## TASK OBJECTIVE:
Starting at the line where "Flot Datejust på" occurs, reproduce each line through the end of the entries below exactly. Omit every picture.

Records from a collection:
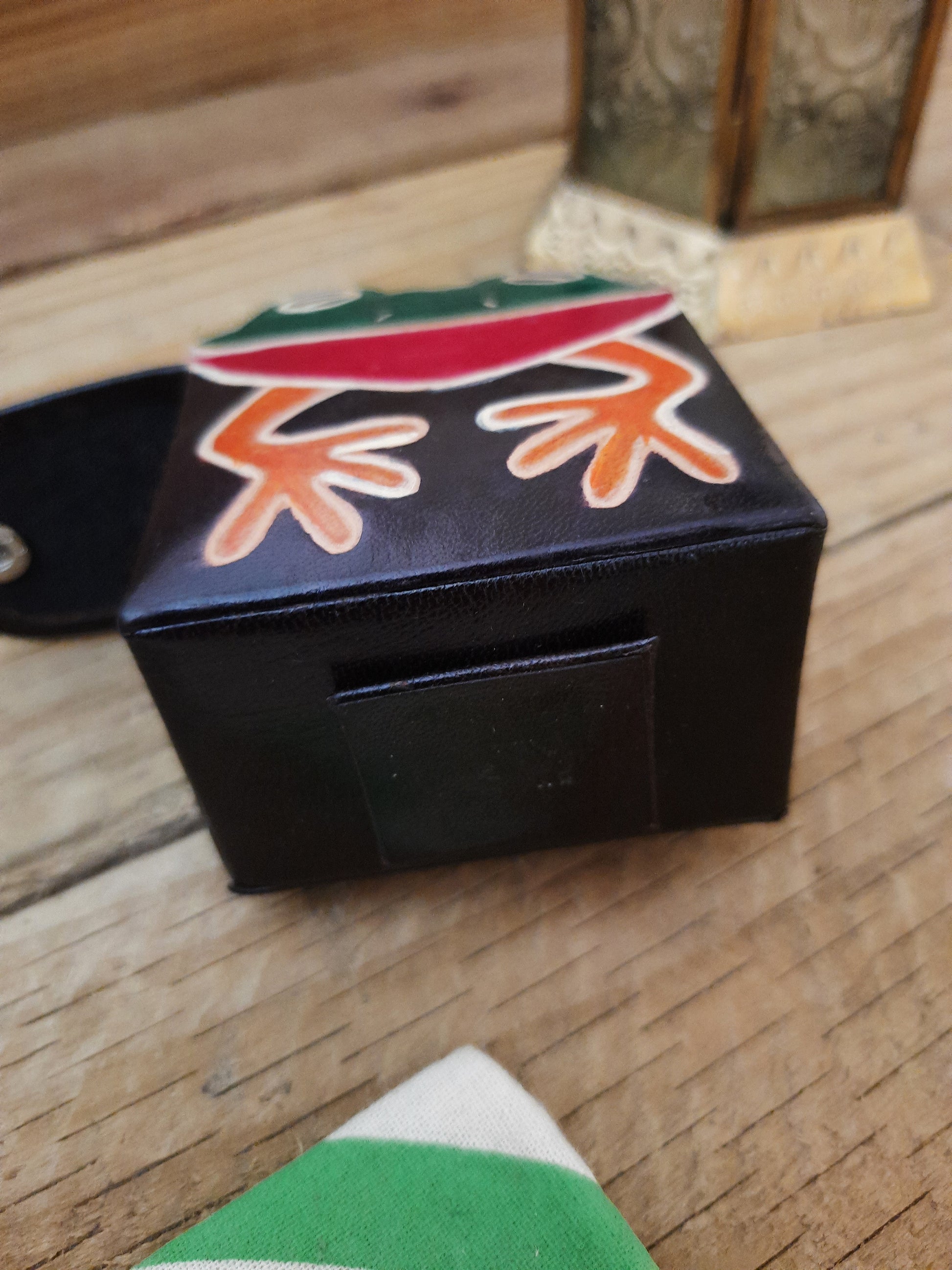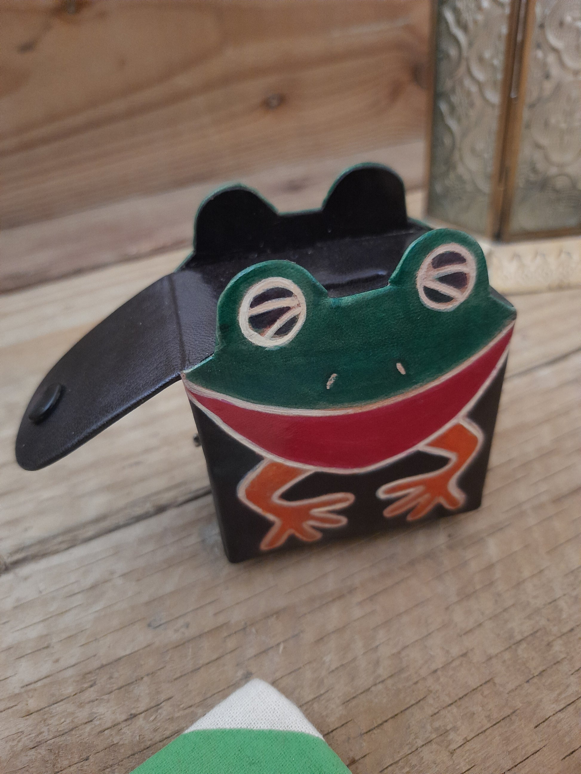 A really cool frog piggy bank made from leather and all handmade by artisans in Indonesia who really have mastered their trade, meticulously and thoughtfully hand painted with care.
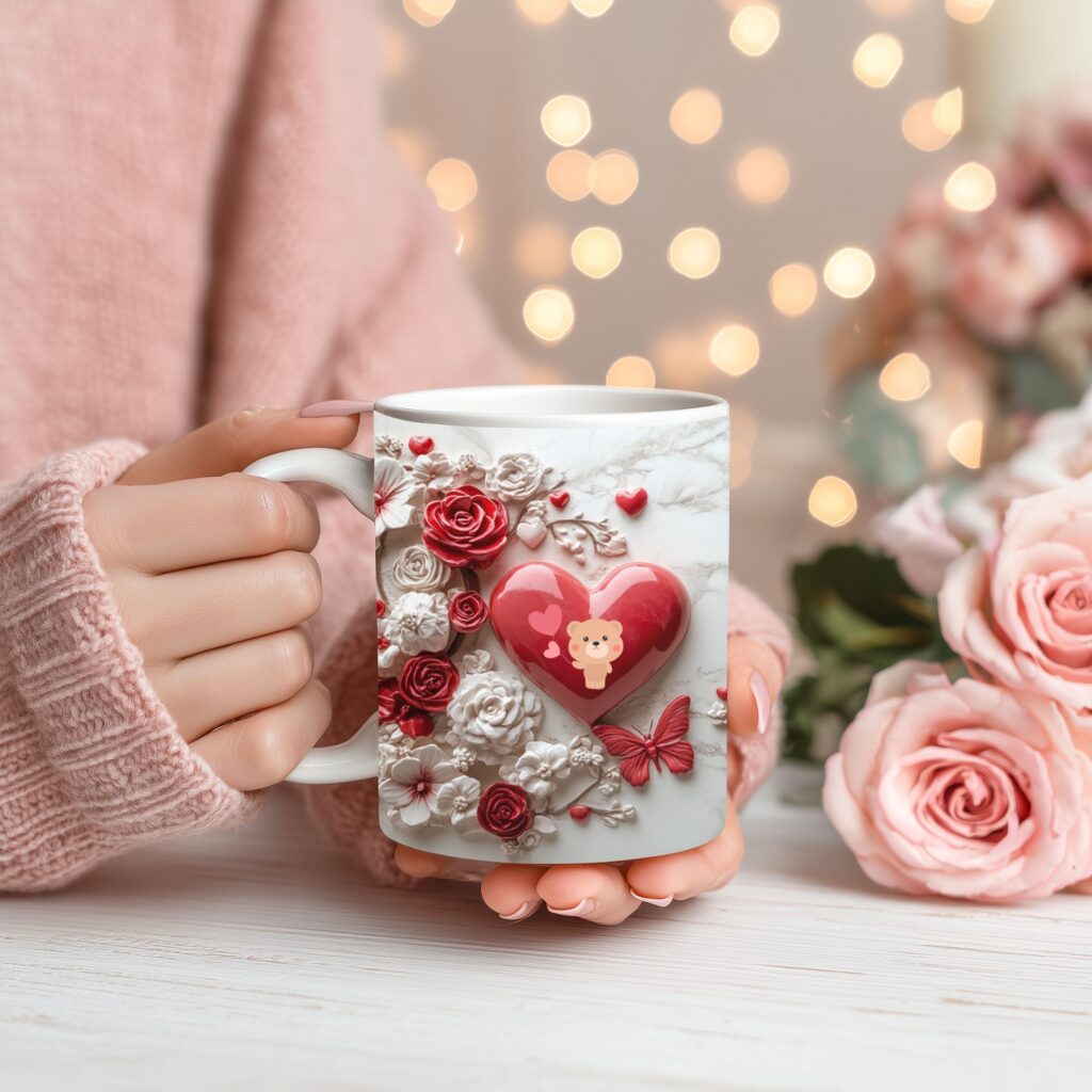 3D Flower Heart Mug - Valentine's Day Gift | Mother's Day Gift
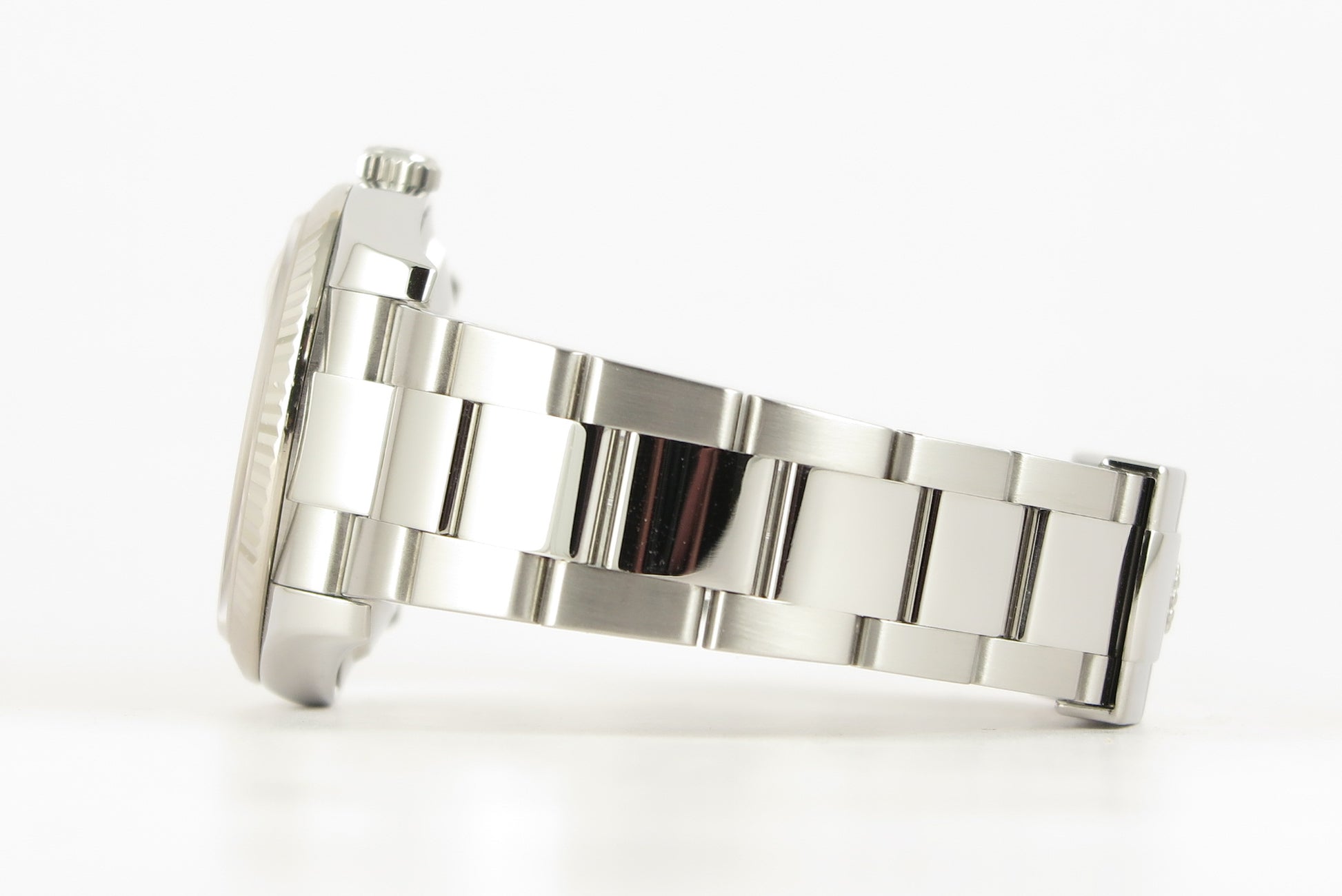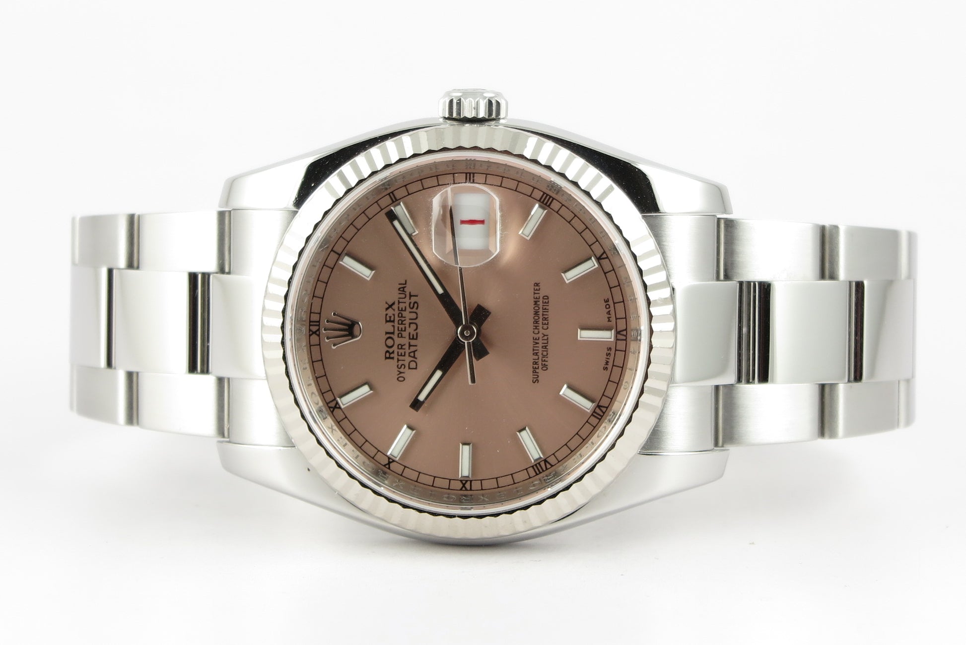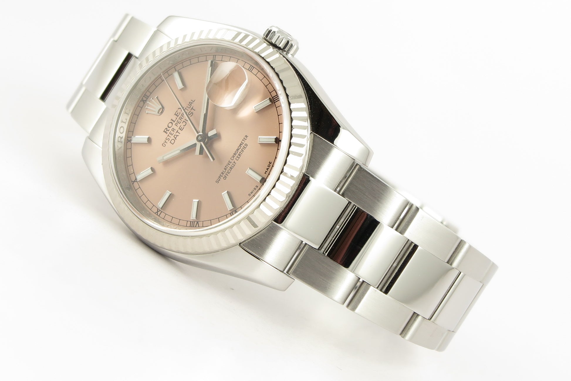 Flot Datejust på Oyster lænke og med pink skive.
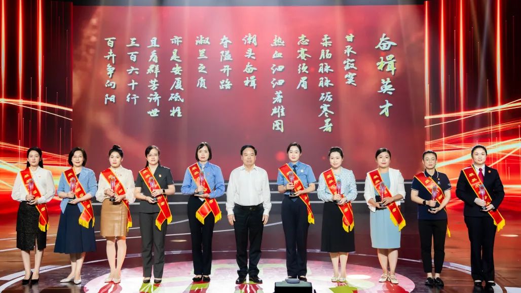 大会现场向荣获“奋楫英才”奖“最美巾帼奋斗者”中的十位代表颁发奖杯。
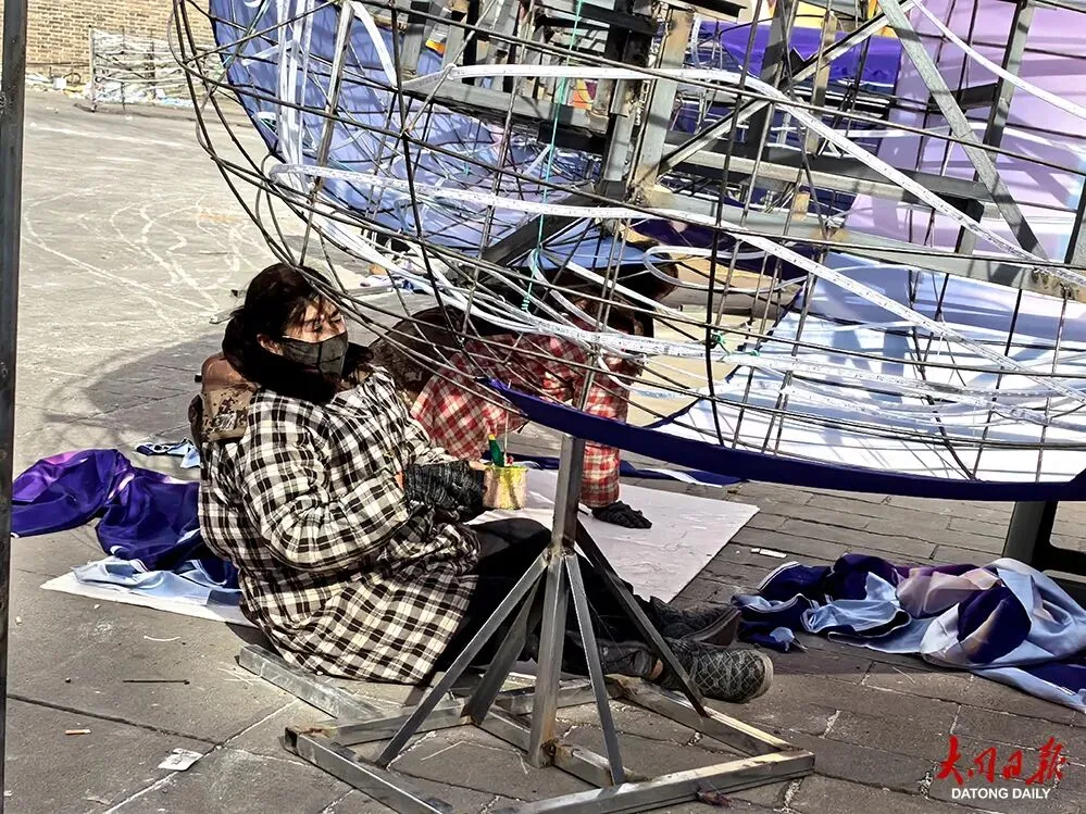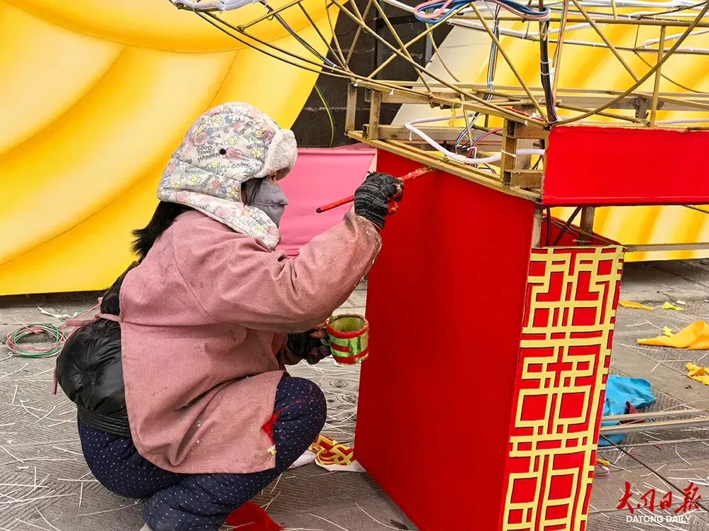 现场,工作人员正忙着安装、调试——超大型灯组的钢架尽显磅礴气势,长卷式灯组的绢布被细细绷展,各类彩灯构件也在逐步成型。
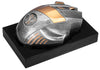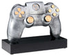 Ein silberner Gamecontroller Trophäe Controller 140 mm x 165 mm PK739675-62593-E25-G mit goldenen Akzenten, montiert auf einem schwarzen rechteckigen Sockel, perfekt als besonderes Geschenk oder Zeichen der Ehre.

## WRITTEN SOLUTION:
 Flot Datejust på Oyster lænke og med pink skive.
 大会现场向荣获“奋楫英才”奖“最美巾帼奋斗者”中的十位代表颁发奖杯。
 现场,工作人员正忙着安装、调试——超大型灯组的钢架尽显磅礴气势,长卷式灯组的绢布被细细绷展,各类彩灯构件也在逐步成型。
 Ein silberner Gamecontroller Trophäe Controller 140 mm x 165 mm PK739675-62593-E25-G mit goldenen Akzenten, montiert auf einem schwarzen rechteckigen Sockel, perfekt als besonderes Geschenk oder Zeichen der Ehre.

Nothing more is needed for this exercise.